余庆没有理会父亲余不扬那强装镇定却难掩心虚的眼神,也没有先去扶起瘫坐在地、痛哭流涕的母亲。他的目光平静得可怕,缓缓扫过满院神色各异的亲人——悲愤的母亲,无奈又恼怒的二叔三叔,老泪纵横的奶奶,以及那些或同情或看热闹的邻里。

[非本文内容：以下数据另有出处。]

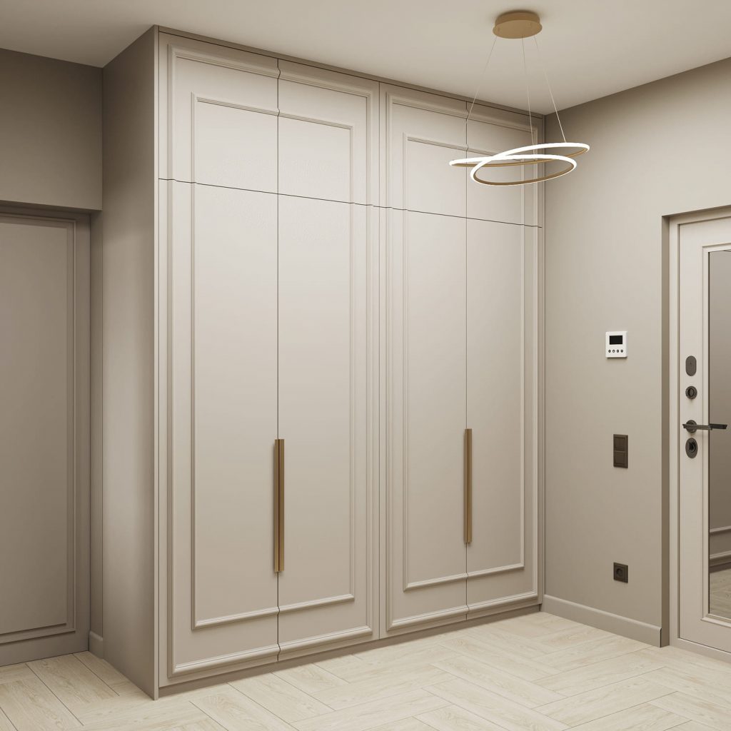 Прихожая выполнена в мягкой бежево-серой гамме, где каждый элемент продуман для удобства. Высокие встроенные шкафы с филёнчатыми фасадами обеспечивают достаточное пространство для хранения.

这寂静仿佛有千钧重,压得余不扬喘不过气,他试图打破这僵局,色厉内荏地嘟囔:“看……看什么看!老子……”
余庆没有让他说完。
他动了。步伐沉稳,径直走向一旁的厨房。在所有人疑惑、惊惧的目光注视下,他走了出来,手里多了一把家里常用的、有些锈迹的菜刀。
“庆儿!你要干什么!”母亲吓得魂飞魄散,失声惊呼。
二叔三叔也瞬间绷紧了身体,下意识地就要上前阻拦。
余不扬更是脸色煞白,连连后退,以为儿子要被逼得动手弑父。
然而,余庆接下来的举动,超出了所有人的预料。
他手持菜刀,快步走到余不扬面前,没有挥刀相向,而是“噗通”一声,直挺挺地跪在了坚硬的泥地上。他将那冰冷的菜刀,双手捧着,高高举过头顶,递向余不扬。
他的声音不大,却字字泣血,带着一种令人心颤的绝望与决绝:
“爸。”
这一声“爸”,喊得余不扬浑身一颤。
“我不应该叫余庆,应该叫余孽,老余家的余孽,余不扬的儿子。”余庆抬起头,眼眶泛红,眼神却如同燃尽的灰烬,空洞而悲凉,“您今天就砍死我吧。身体发肤,受之父母,您砍死我,我绝不怨您。”
“我……我不愿意再像您一样这样活着!我拼了命,在部队流血流汗,转业后夹着尾巴做人,一点点挣来的荣誉、地位,就想让妈和你过上好日子,就想让老余家能挺直腰杆……可这些东西,就这么轻易的,要被您亲手给毁了!”